Friday, December 16, 2011

The poetry wars

From the occasional newsletter from the Victoria University centre of the International Institute of Modern Letters

Everyone knows that poets make no money. But sometimes those who own their copyrights, often literary estates, do rather well.  The latest news of this sort to reach us arises out of the row between Helen Vendler and Rita Dove over the former’s review of Dove’s new anthology of American poetry. It would seem that The Penguin Anthology of 20th Century American Poetry couldn’t afford to include poems by Sylvia Plath and Allen Ginsberg – something that would presumably have troubled the poets themselves, were they alive.
We don’t know how permissions fees work out in New Zealand.  Sometimes there are none at all.
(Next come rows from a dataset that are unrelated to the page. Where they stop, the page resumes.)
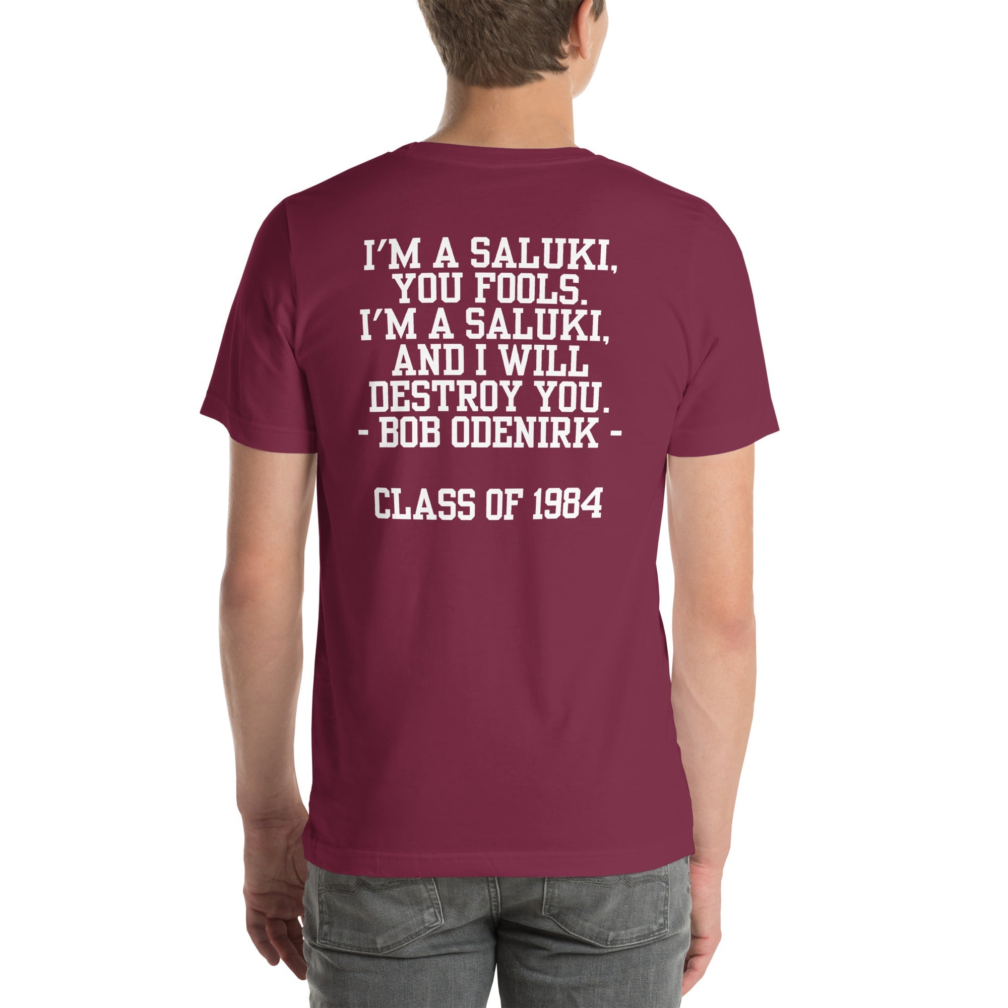 Channel iconic Saluki energy with this legendary tee! Featuring Odenkirk's student ID on the front and his unforgettable “I’m a Saluki, You Fools!” quote on the back, this shirt is a salute to fans who know true spirit.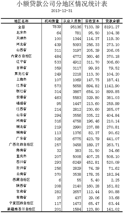 1月26日消息,央行今日公布了《2013年小额贷款公司数据统计报告》。截至2013年末,全国共有小额贷款公司7839家,贷款余额8191亿元,全年新增贷款2268亿元。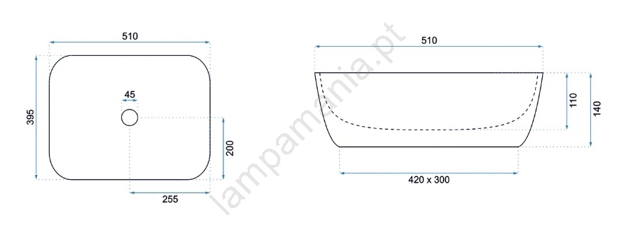 REA-U6647 - Lavatório de bancada FREJA 39,5x51 cm cerâmica/cinzento/decoração em mármore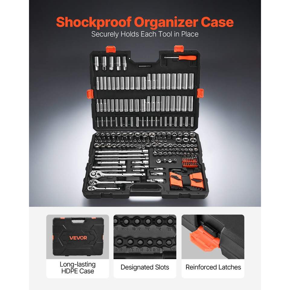 Set di chiavi a bussola da 225 pezzi con attacco da 3/8, 1/4, 1/2 pollici, metrico e SAE, profondo e corto, per meccanici, include cricchetto e bussole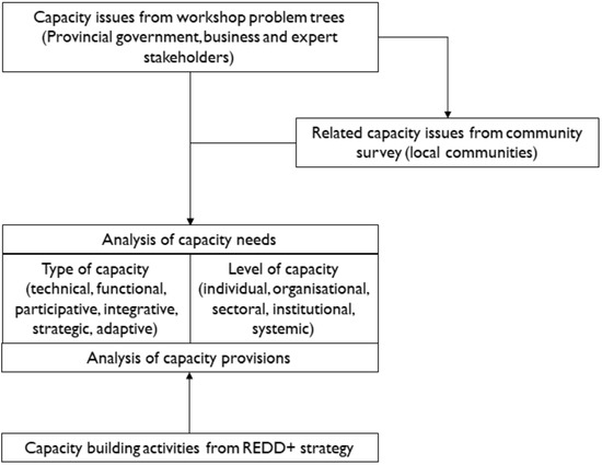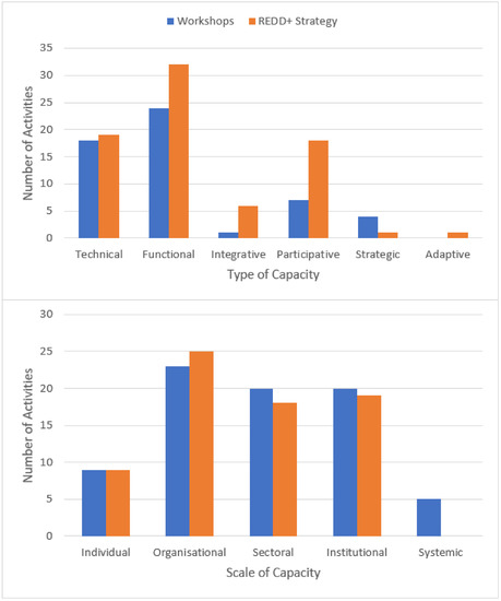 - We classified the scale and type of capacity needs identified by the problems in the problem tree and activities in the REDD+ strategy according to the framework discussed above (see Supplementary Information, Table S7, for full analysis). Note that any awareness raising activity was classified as participative capacity building, even though it is considered low-level participation [54].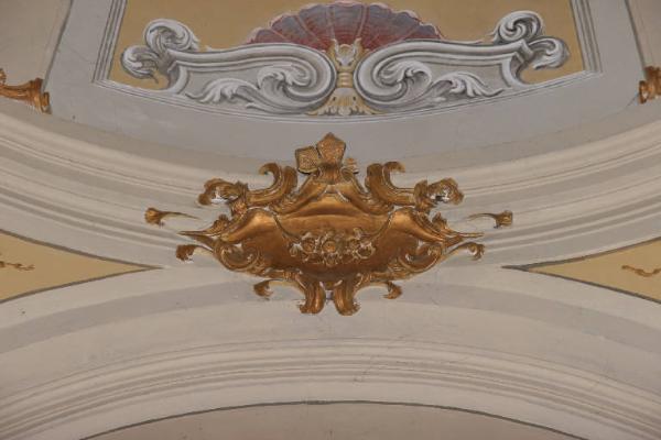 Cartella in stucco dorato con motivi a girali.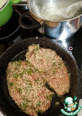 Обмакнуть отбивную в яйцо и хорошо запанировать в картофельной смеси, прижимая ее поплотнее.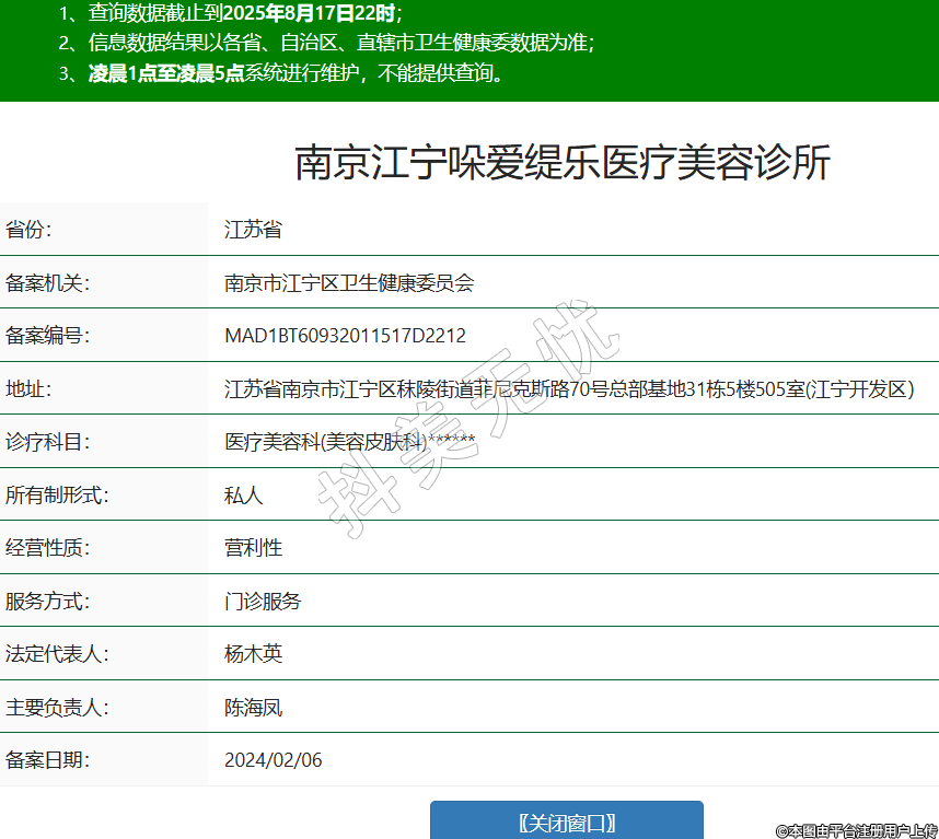 南京江寧哚愛緹樂醫(yī)療美容診所,診療科目:醫(yī)療美容科(美容皮膚科)******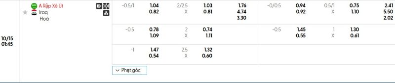 • Kèo bóng đá châu Á hiệp 1: Iraq +0.25
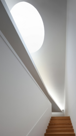 El recorrido interior es, sin duda, el corazón del proyecto. Rampas, escaleras y pasillos se encadenan creando una experiencia fluida, donde la arquitectura guía el movimiento sin necesidad de señalética explícita. La luz natural entra de forma controlada, marcando ritmos y pausas, y acompañando al visitante a lo largo del recorrido. Aquí, Siza vuelve a demostrar su maestría en el uso de la luz como material arquitectónico, capaz de transformar un espacio sin recurrir a artificios.

We’ve heard it said that Denis Glover and Allen Curnow (or their publishers) used to work in tandem in terms of poetry anthologies, successfully negotiating fees way above what other poets could command – but of course sad mortality means we have no way of checking the accuracy of this.
Then there’s the thorny business of poetry and sponsorship and ethics. UK poet Alice Oswald has been in the news lately for withdrawing from the T. S. Eliot shortlist on the grounds that she disapproves of the award sponsor.  She has elaborated her thinking in a Guardian comment piece.
The Economist’s Prospero was quick to offer another view while the debate was made explicit in an exchange  between Geoff Dyer and William Skidelsky, the Observer's books editor. The latest voice in the discussion is that of poet Gillian Clarke, who is one of the Eliot judges.